If you are a proud homeowner on Long Island, chances are that you have a home insurance policy. But having such a policy and knowing exactly what it provides cover against are two completely different things. Most of us hate to read long, technical documents, which means we might be paying for something we don’t really know much about. Luckily, after reading the following easy summary, you will know nearly everything you have to know about the undeniable benefits of home insurance.
Main dwelling
This part of the policy covers the home itself, i.e. the walls, ceiling, floors, etc. What is important here is to understand whether you are covered for the actual cash value of the property, or the replacement cost.
Particularly if you have an older home, the cash value might be well below the replacement cost, which means that should disaster strike, the insurance payout might not cover the cost of rebuilding your home. That is why most of the time it’s a good idea to ensure that you are covered for the replacement cost.
Other structures
This section of your home insurance policy provides cover for those structures that are not part of the main property, for example, the garage, a storage shed, a fence, or even the mailbox. Sometimes insurance firms also provide cover for the swimming pool under this section.
As a rule of thumb, the total amount covered by this part of the policy should be around 10% of the dwelling coverage - but it could be less (or more). If you have a barn and a double garage, you will e.g. need more cover than if you only have a single garage and a fence.
Insurers typically allow an amount between 2 percent and 70 percent of the main dwelling for this part of the policy.
Personal property
This section of the home insurance policy can be particularly tricky. What is important to know here is that the majority of home insurers place limits on how much they pay out for valuable items such as fur coats, works of art, or jewelry. If you, therefore, own a Picasso painting worth $10 million, don’t assume the standard policy will cover it. You are going to need an ‘endorsement’ for that, and pay an additional amount.

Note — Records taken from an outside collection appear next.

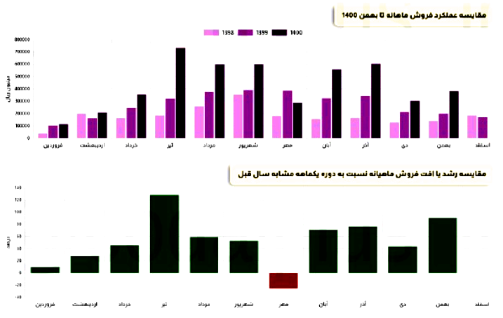 فروش نماد دجابر: 406 میلیارد تومان که نسبت به دوره مشابه گذشته 54% افزایش یافته است.
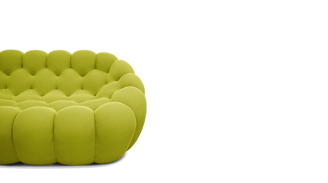 Created by Sacha Lakic, a designer with a passion for cutting-edge technology, Bubble expresses the balance between innovation, function and emotion. Inspired by natural and mineral forms and entirely handmade, its design required the development of specific stretch fabrics that perfectly fit its round shapes. With its unique style, the Bubble sofa, in straight or rounded version, is an iconic model in the Roche Bobois collection.
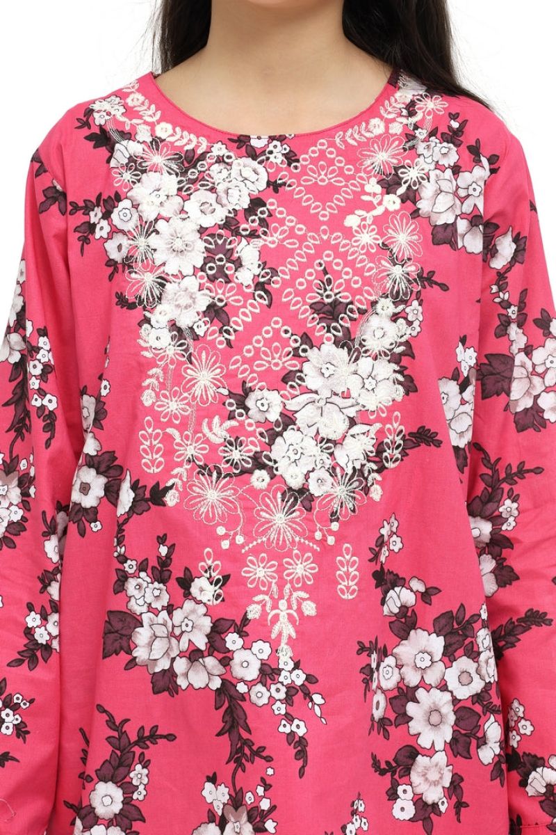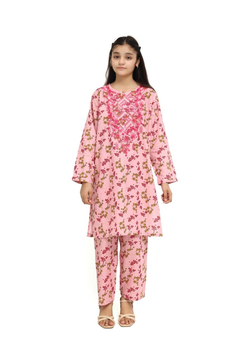Plum 100% Cotton Lawn Pink Colour Printed White Burgundy Flowers Embroidered White threads On Stitched 2 pc suit for Girls.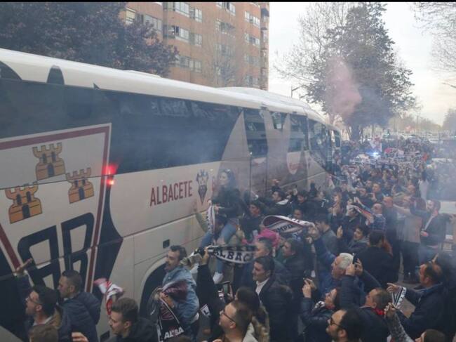 Recibimiento de la afición al Albacete a su llegada al Carlos Belmonte / Josema Moreno / Diario AS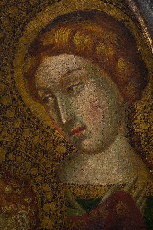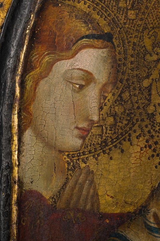 Il colore scuro della parte inferiore è però bilanciato dai preziosi virtuosismi delle punzonature delle aureole dei quattro protagonisti e dall'elaborata decorazione del velo della Vergine, complesso quanto quello della tavola senese.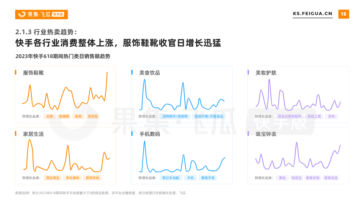 对此,飞瓜数据快手版出品的《2023年快手618购物节营销洞察报告》,回顾本次618购物节,从消费热度、品类分析、消费者洞察、品牌表现、达人案例等维度展开,提供详细的数据参考。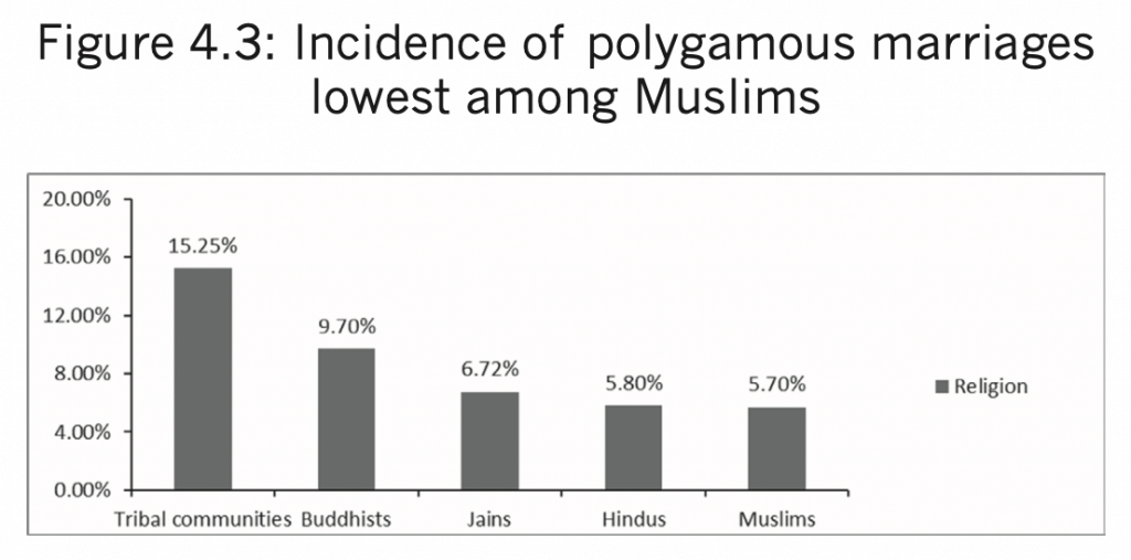The only study on the subject of polygamy ever done was by the Committee on the Status of Women in India, 1974, which showed that polygamy as a practice was not just exclusive to Muslims but was prevalent among all communities of India. In fact, it was found that Muslims were the least polygamous among all the groups (Figure 4.3).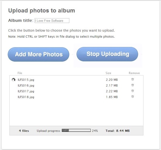 The free version is limited to upload upto 100 MB of photos (per month) to the account. Moreover, the albums get automatically deleted after 14 days. However, there’s option to go pro and get unlimited photo uploads, unlimited number of albums, and lifetime validity for albums.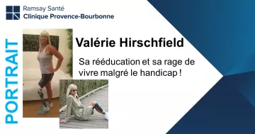 Amputée de la jambe gauche après avoir été infectée par un staphylocoque doré en 2004, Valérie Hirschfield a entamé une rééducation dix ans plus tard, à la Clinique Provence-Bourbonne (Ramsay Santé) située à Aubagne (Bouches-du-Rhône). Véritable force de la nature, cette mère de famille de 58 ans réalise des défis sportifs plus spectaculaires les uns que les autres.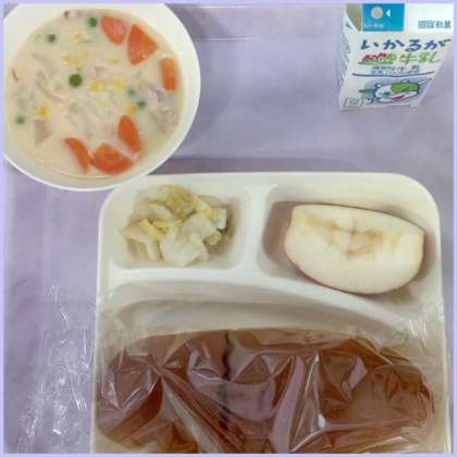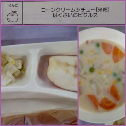 本日の献立は、コーンクリームシチュー、はくさいのピクルス、りんごです。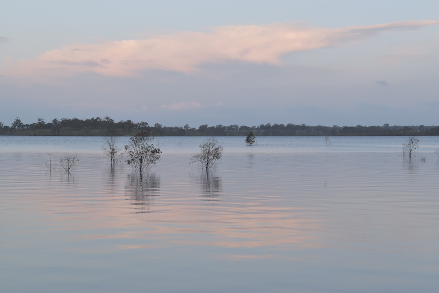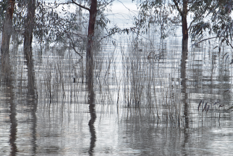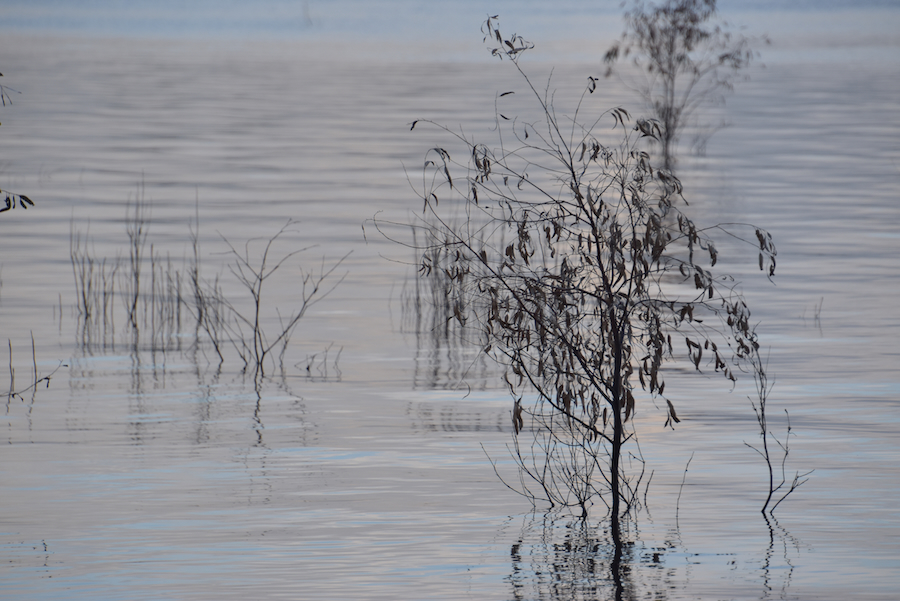My first visit to Lake Eppalock was just a few weeks ago. Strange as it is not that far from places I visit often. Lake Eppalock is a reservoir for the Campaspe region of Victoria. And just now, it is full, nearly to overflowing, and this is raising alarm bells for townships downstream who were not long ago devastated by floods. Some fellow visitors told me they had never seen the lake so full. Only a few years ago it was almost dry because of the prolonged drought, hard to believe as I looked across at the submerged fences, signs and trees, boggy paths and moss.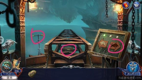 在第二个平台上面可以得到一块凹板以及一个宝石胚,得到之后点击中间的机关开始破译。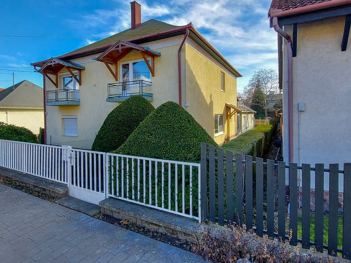 “Piroska”, halfvrijstaand huis 5-kamers 90 m2 op 2 verdiepingen. Doelmatig ingericht: woon-/slaapkamer met 1 2-pers divanbed en Sat-TV (Flatscreen TV), radio en CD-speler. Eetkamer. Uitgang naar de tuin. Keuken (oven, 4 kookpitten (vlammen), broodrooster, waterkoker, magnetron) met eettafel. Badkamer, aparte WC. Bovenverdieping: 1 kamer met 1 2-pers bed. Uitgang naar het balkon. 2 kamers, elke kamer heeft 2 bedden. Douche/WC. Verwarming. Parketvloeren. Balkon, terras, op het zuiden gelegen. Terrasmeubelen, barbecue (verrijdbaar). Ter beschikking: wasmachine, kinderbed (extra). Internet (Internet (WiFi), gratis). Let op: rookvrij huis. Privé ingang. MA21001624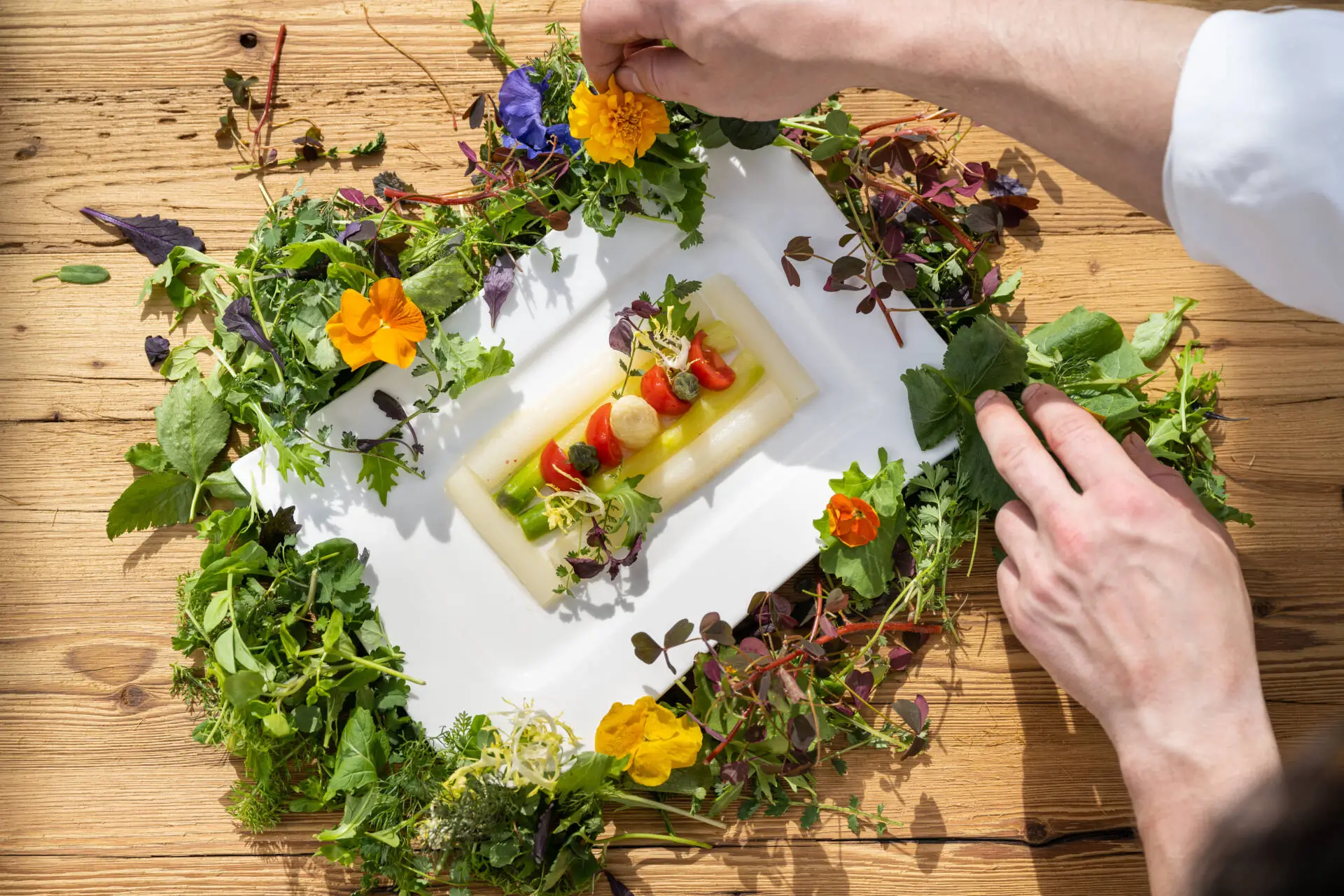 Seit 2014 steht Maximilian Landbrecht gemeinsam mit seinem Vater Arthur in der Restaurantküche. Die beiden verbinden bodenständige bayerische Küche mit feinen Einflüssen aus der Schweiz, Italien und Frankreich. So entstehen abwechslungsreiche Menüs, die klassische Aromen mit modernen Ideen vereinen.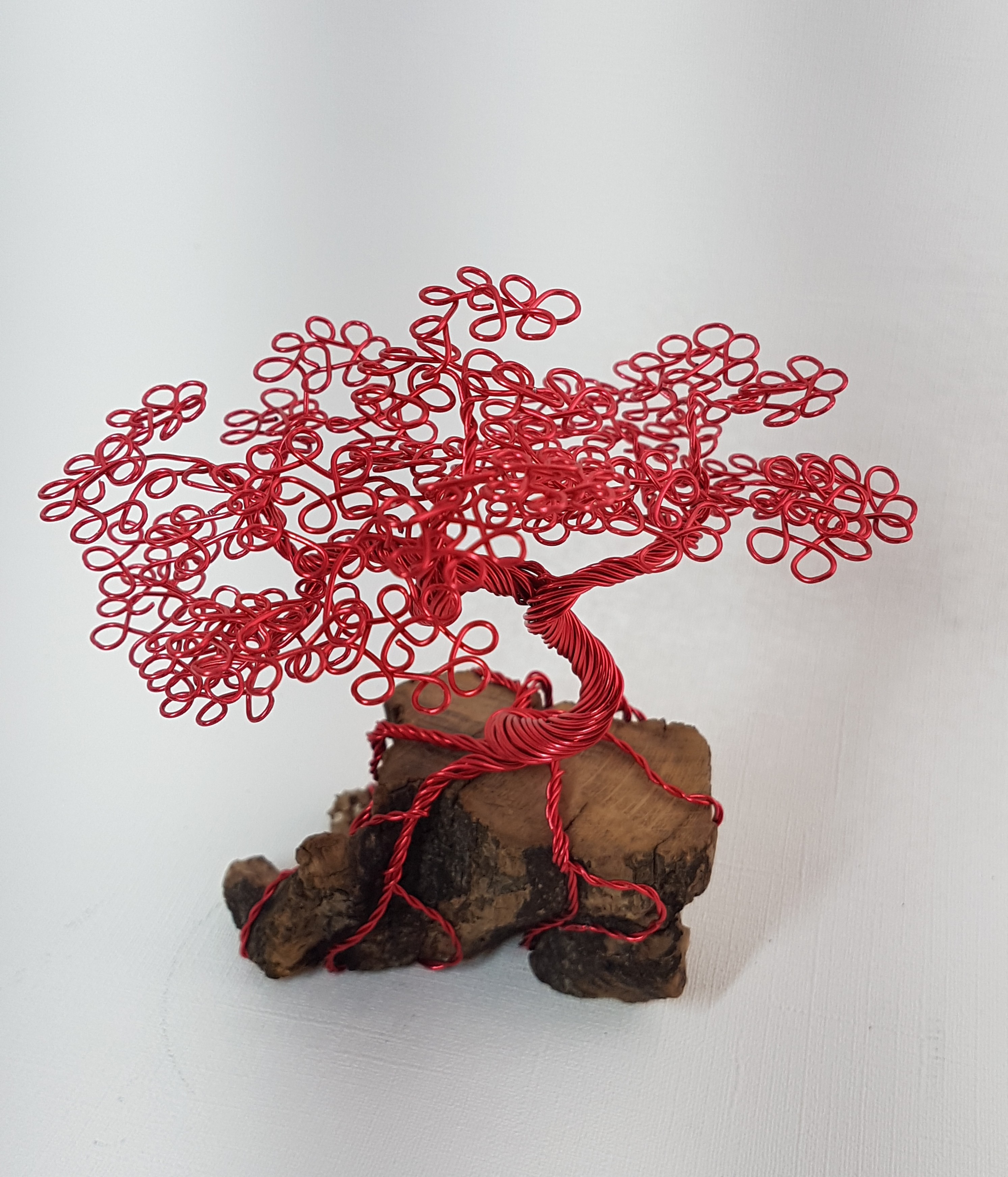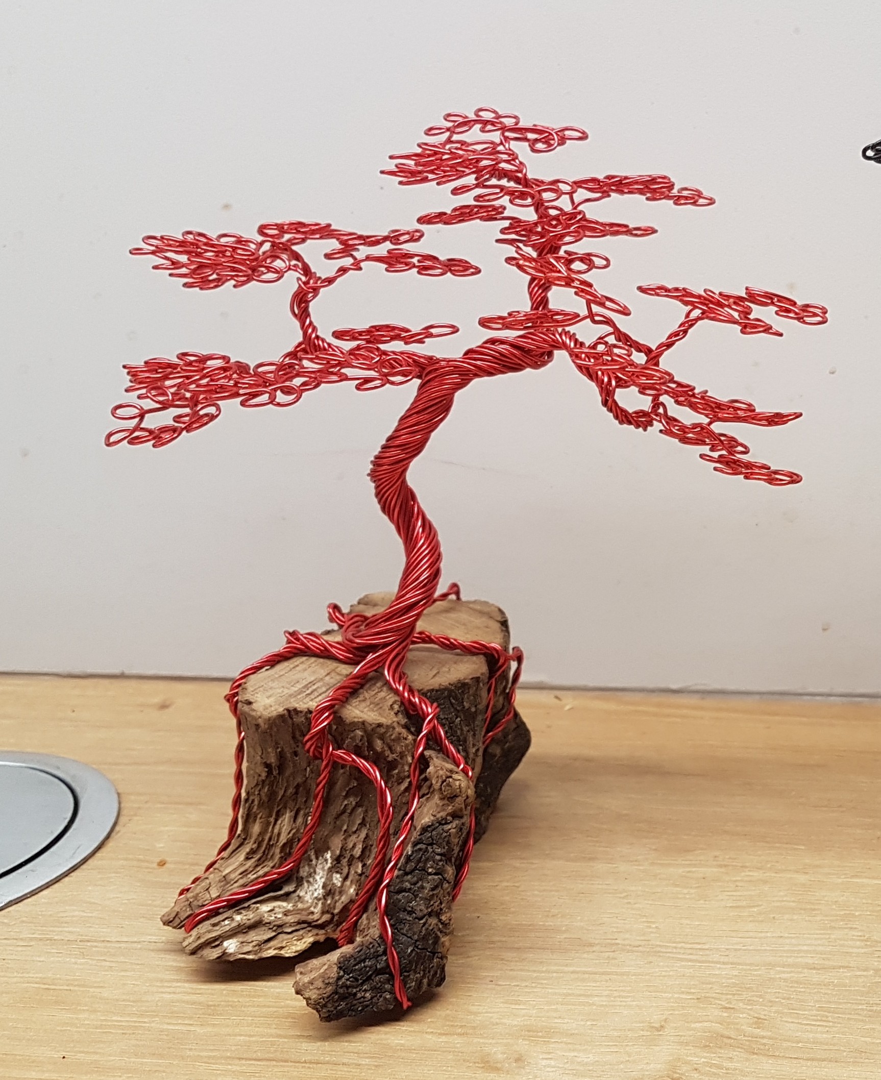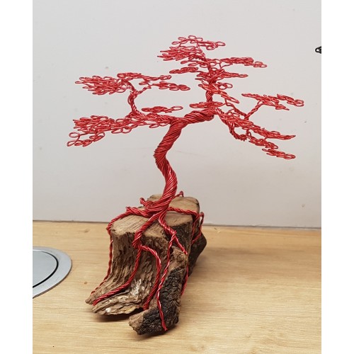 Très tonic ce petit bonsaï rouge bien fier sur son bois flotté à la taille franche.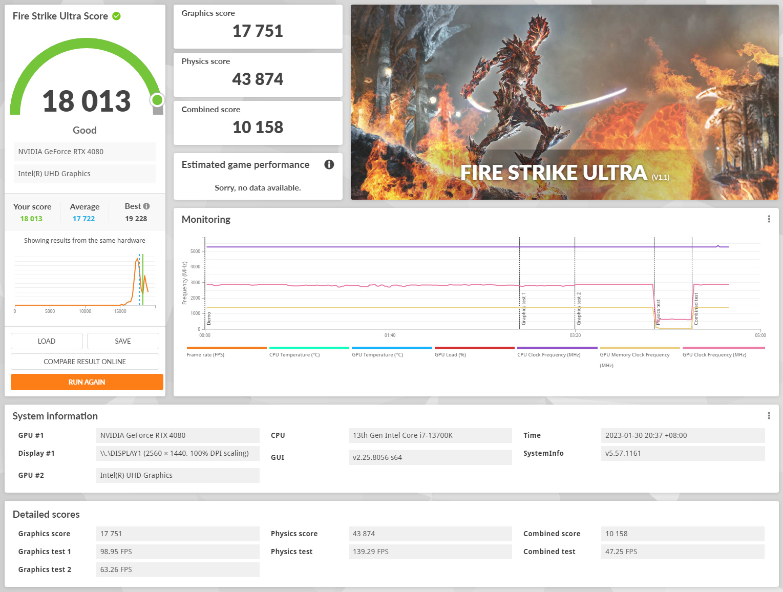 Fire Strike Ultra綜合得分18013分。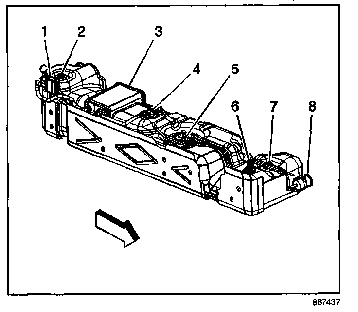 8. Remove the fuel sender assembly (5) from the fuel tank.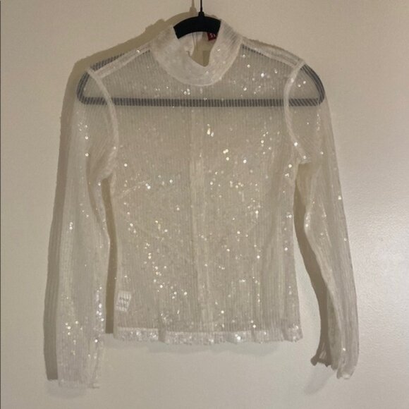 Shine in this elegant white sequin top, perfect for any occasion. The shimmering design adds a touch of glamour to your wardrobe.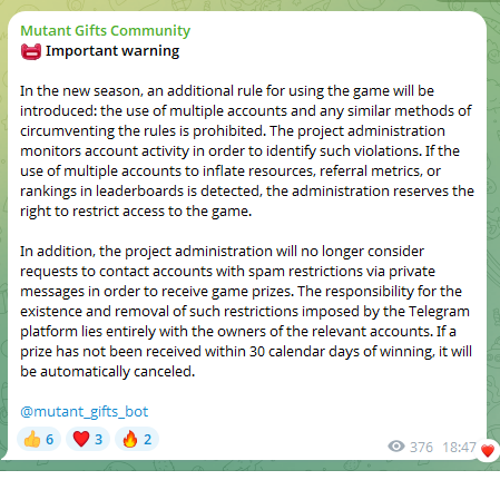 Последние новости в сообществе Mutant Gifts Community касаются введения правила по честной игре: администрация прямо запрещает использование мультиаккаунтов и любых обходных схем, которые дают игровое преимущество. Под запрет попадают действия, направленные на фарм ресурсов и искусственную накрутку показателей в рейтингах.

Most people opt for between 50 and 70 percent of the value of the main dwelling for this part of the policy but once again it depends on your individual situation. If you don’t own a lot of valuable items, this is the section where you can save money by reducing the insured amount.
Loss of use
If you live in an area that is prone to disasters, this type of coverage can be crucial. It makes provision for the costs that you might have to incur if you are ever denied the use of your home by such an event. These costs could, for example, include staying in a hotel, and eating at your favorite restaurant if your home (including the kitchen) becomes unusable for some time.
Personal liability cover
This part of your home insurance policy provides protection if your dog should, for example, bite your boss or your mother-in-law when they come visiting. It will also cover damage incurred to their property while on the premises and their medical bills if they get hurt in the process.
Medical payments
The last section of a typical home insurance policy specifically covers medical expenses that arise because of an unintended injury to others while they are on your property. This usually refers to the cost of emergency medical care, without taking into account whose fault it was. An example could include the postman slipping on your wet garden path on his way to the front door and breaking his arm. If he subsequently decides to sue you, that will be covered by the personal liability cover of the policy.
Deductibles and coverage limits
Readers should also take into account that all these coverages are usually subject to a limit, i.e. a maximum amount the insurance firm is prepared to pay out per claim. The policy owner has to pay the rest. You might, however, be able to negotiate with the insurer about these limits before signing up for a policy. Also, don't forget that on Long Island we have to contend with a hurricane deductibles. Most of the national insurance companies will require that you have a large hurricane deductible...typically 5% of the dwelling amount. However, there are also options from many regional companies that write homeowners insurance on Long Island that may eliminate a special hurricane decutible.